My brother bought the Mutant Massacre tie-in Power Pack #27 for the Wolverine and Sabretooth appearances. It was overall too domestic and kiddie for our tastes, but then you'd have Scalphunter standing atop a pile of bodies as he gunned down adorable mutant children. Man-- that's just wrong. I like the Jon Bogdanove art a lot more now than I did then, but then again, Power Pack still strikes me as a kid's books that their parents would prefer, so that tracks.

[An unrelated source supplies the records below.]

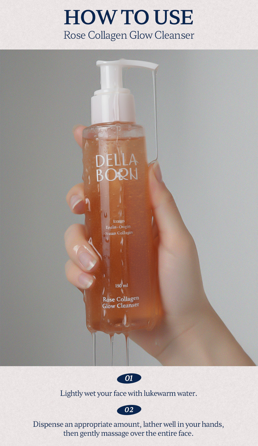DELLA BORN – Gel de Curățare Coreean cu Colagen și Trandafir Collagen Glow 150ml | Curățare Delicată, Hidratare și Luminozitate Ten (K-Beauty)
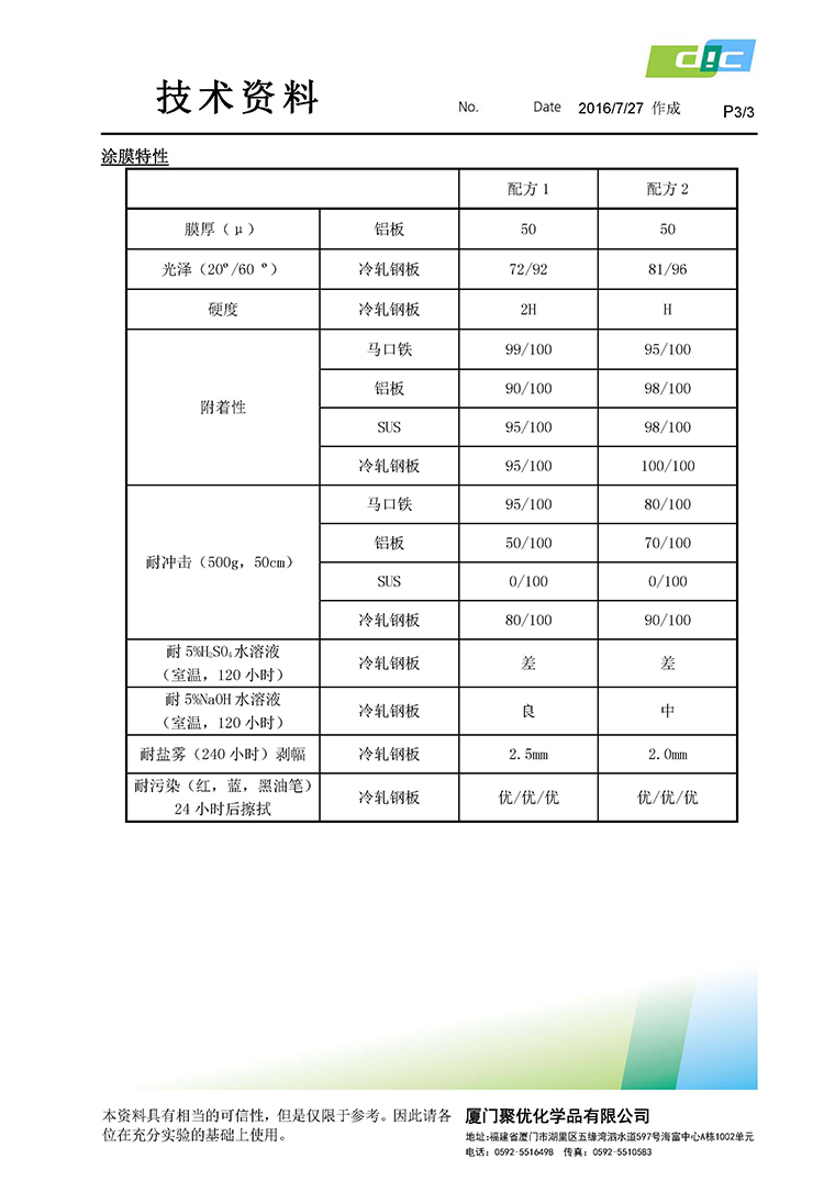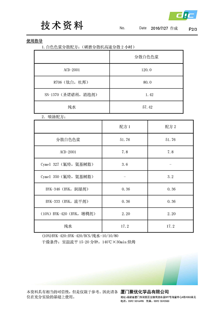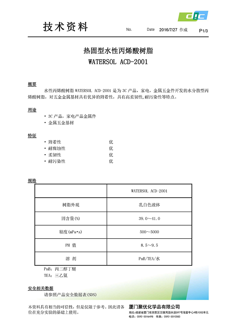 > > 热固型水性丙烯酸树脂
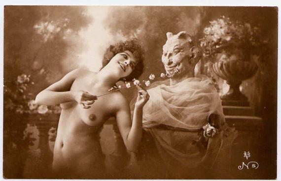 Tarp kitko, keliose fotografijose esanti poklaikio ožiško senio skulptūra - tai tam tikras semantinis pranešimas, rodantis šių nuotraukų tikrąją, visai ne nekaltą esmę: anas senis - tai gašlumo ir ištvirkavimo dievas Panas, dar ankstyvojoje krikščionybėje giliai sutapatintas su Šėtonu.

As I mentioned last month, my Batman #402 came in a three-pack, so it's wild how much of this thing was centered on my interests, while being bought largely sight unseen. As the middle book numerically, I might noty have known that there was a Jim Starlin cover in the mix, much less full interiors. This may have been around the time Epic Comics started playing monkey-in-the-middle with his Dreadstar royalty checks, and I understand that he needed the fill-in gig for quick cash to pay an income tax bill. After having spent most of the '80s on cosmic science fantasy, and also entering a period when he was losing interest in drawing, Starlin's stiffness and extremely dated fashions stood out like a sore thumb. Bruce Wayne hanging out at the Playboy Mansion in his Hef smoking jacket with a clearly much younger Robin and a John Watters-looking Alfred should have had Wertham spinning in his grave, and the Swanderson look of it all would have been Seduction of the Innocent era appropriate. But Starlin also brings a '70s New York urban grit, along with some serious grindhouse ultraviolence that could have only gotten by an almost entirely defanged Comics Code Authority. It's about a guy whose mind is broken by tragedy, and comes to think that he's the Batman, but with an m.o. closer to Shadowhawk. Batman had to catch him, to clear his own name, and before "he" kills again. Not gonna lie, I lapped it up. By the way, I didn't realize that all this material had been collected into a trade in 2015, and thought I might pick it up. The not so aptly named Batman:Second Chances trade is going for upwards of $150 online. That just seems stupid high to me for readily attainable late '80s corporate IP that will inevitably be reprinted again, if only on account of those stupid prices indicating demand.